UCC Library: Research Data Service: Documentation, Metadata & Data Quality

Documentation, Metadata & Data Quality

This aspect of data management is concerned with how data is organised and adequately documented such that it can be easily understood and that minimal quality standards appropriate to the data and research methodology are met.

Apart from facilitating efficient use of the data throughout the active research phase, this is also a critical step in ensuring the datasets that may be selected for sharing and long-term preservation can meet a minimal degree of interoperability outlined in the FAIR Data Principles.

Documentation and Metadata

Data discovery, re-use and reproducibility is dependent on high quality documentation and metadata. Collecting supporting documentation or metadata during active research is what allows FAIRification and data sharing further down the line. For a quick overview of what to consider when developing documentation and metadata for your research please watch the video below.

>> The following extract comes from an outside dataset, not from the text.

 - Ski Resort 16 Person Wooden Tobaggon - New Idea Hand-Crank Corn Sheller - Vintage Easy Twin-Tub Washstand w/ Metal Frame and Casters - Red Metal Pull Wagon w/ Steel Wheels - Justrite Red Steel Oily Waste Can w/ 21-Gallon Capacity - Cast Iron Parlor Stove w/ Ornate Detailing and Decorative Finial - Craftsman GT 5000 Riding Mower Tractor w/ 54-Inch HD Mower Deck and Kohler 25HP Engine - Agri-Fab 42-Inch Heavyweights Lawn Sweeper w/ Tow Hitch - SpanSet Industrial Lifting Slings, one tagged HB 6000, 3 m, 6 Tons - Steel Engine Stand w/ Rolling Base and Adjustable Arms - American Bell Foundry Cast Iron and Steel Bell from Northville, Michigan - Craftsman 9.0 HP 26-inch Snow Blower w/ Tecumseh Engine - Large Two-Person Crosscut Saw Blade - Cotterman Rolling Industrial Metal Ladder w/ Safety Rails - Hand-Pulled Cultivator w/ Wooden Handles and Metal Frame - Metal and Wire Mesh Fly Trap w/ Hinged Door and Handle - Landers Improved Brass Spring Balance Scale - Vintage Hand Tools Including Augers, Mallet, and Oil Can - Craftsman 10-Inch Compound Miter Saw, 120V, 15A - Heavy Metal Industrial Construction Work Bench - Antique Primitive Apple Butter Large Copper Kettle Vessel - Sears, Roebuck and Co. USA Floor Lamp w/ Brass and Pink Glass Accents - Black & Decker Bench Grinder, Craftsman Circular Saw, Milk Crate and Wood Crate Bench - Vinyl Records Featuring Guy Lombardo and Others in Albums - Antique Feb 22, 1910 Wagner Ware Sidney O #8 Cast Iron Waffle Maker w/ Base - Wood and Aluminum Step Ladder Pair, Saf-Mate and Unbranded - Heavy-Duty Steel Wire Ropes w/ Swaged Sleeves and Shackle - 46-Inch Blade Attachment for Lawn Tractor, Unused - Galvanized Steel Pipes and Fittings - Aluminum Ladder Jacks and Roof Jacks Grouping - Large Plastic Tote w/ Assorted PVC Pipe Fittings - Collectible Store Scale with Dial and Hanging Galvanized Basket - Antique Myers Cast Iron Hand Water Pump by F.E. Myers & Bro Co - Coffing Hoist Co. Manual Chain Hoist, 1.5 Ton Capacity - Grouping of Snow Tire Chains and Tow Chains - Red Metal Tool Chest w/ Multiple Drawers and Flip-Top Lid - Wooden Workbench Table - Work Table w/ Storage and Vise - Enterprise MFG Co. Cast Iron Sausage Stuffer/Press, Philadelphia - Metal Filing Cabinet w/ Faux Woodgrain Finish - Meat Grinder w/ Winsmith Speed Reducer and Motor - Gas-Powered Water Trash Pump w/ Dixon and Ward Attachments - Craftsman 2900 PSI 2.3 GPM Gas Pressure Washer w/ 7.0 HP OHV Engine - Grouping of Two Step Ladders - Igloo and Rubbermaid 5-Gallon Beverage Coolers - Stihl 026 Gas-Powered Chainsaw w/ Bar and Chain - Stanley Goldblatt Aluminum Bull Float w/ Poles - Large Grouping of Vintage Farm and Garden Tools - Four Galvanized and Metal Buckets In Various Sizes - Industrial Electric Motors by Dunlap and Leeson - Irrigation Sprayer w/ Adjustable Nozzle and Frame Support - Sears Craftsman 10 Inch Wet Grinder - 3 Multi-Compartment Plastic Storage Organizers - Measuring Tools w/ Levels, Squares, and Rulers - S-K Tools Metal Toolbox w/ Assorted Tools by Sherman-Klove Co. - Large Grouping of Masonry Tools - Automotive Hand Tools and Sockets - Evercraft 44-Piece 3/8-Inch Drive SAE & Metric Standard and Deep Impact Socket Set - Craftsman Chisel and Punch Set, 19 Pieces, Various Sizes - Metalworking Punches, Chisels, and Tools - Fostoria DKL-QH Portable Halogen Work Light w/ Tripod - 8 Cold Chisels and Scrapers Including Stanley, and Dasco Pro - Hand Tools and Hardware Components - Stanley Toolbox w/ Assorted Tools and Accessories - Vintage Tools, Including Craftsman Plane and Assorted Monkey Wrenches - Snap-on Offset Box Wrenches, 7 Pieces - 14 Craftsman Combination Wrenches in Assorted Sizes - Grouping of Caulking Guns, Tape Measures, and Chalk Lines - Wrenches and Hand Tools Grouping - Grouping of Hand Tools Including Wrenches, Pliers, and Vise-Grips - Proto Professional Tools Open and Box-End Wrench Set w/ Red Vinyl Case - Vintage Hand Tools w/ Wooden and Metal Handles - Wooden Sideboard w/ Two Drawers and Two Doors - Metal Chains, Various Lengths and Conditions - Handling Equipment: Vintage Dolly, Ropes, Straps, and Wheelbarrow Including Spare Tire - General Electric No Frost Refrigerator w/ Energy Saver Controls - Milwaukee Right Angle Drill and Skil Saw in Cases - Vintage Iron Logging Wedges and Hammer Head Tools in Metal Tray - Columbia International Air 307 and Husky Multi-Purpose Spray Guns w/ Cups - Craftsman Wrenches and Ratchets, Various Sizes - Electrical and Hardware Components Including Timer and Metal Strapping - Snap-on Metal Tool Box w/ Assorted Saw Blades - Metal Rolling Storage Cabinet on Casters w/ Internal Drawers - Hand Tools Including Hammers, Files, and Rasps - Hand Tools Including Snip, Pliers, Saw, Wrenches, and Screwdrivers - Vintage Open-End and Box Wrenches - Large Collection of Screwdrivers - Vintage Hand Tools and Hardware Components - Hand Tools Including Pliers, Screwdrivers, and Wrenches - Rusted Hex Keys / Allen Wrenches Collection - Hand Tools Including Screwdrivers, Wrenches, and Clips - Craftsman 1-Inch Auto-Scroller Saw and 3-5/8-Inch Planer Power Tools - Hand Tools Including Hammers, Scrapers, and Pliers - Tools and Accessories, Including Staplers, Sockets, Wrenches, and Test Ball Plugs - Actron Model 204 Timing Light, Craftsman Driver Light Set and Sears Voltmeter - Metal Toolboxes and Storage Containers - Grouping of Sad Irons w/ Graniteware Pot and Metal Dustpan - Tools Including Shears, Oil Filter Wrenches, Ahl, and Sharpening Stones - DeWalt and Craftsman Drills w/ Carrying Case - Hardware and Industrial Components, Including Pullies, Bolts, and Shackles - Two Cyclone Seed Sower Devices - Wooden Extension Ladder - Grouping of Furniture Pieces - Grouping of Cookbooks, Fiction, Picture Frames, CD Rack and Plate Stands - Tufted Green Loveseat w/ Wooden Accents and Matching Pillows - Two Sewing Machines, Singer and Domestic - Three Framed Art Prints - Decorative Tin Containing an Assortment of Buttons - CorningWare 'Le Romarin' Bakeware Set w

Documentation and Metadata

Data Quality

A data management plan should include details of data quality measures used these details give an indication of the quality and consistency of the data. Depending on the discipline this may include processes such as calibration, repeated samples or measurements, standardised data capture, data entry validation, peer review of data, or representation with controlled vocabularies. You should also be aware of common data quality mistakes within your discipline such as gene names being converted to dates by Excel.

For tips on organizing spreadsheet data to reduce errors and ease later analyses see:

Karl W. Broman & Kara H. Woo (2018) Data Organization in Spreadsheets, The American Statistician, 72:1, 2-10, DOI: 10.1080/00031305.2017.1375989

Version Control

Version control or data versioning refers to the maintenance of different versions or drafts of a document, file or dataset. Each version may only differ slightly from the last but by maintaining multiple versions it provides a audit trail of changes and updates and a way back if mistakes are uncovered. Version control can be especially useful for quality control in research groups or teams when there are multiple contributors or authors of a document. Some software programs can provide version control but it can also be done using name conventions on documents files or datasets.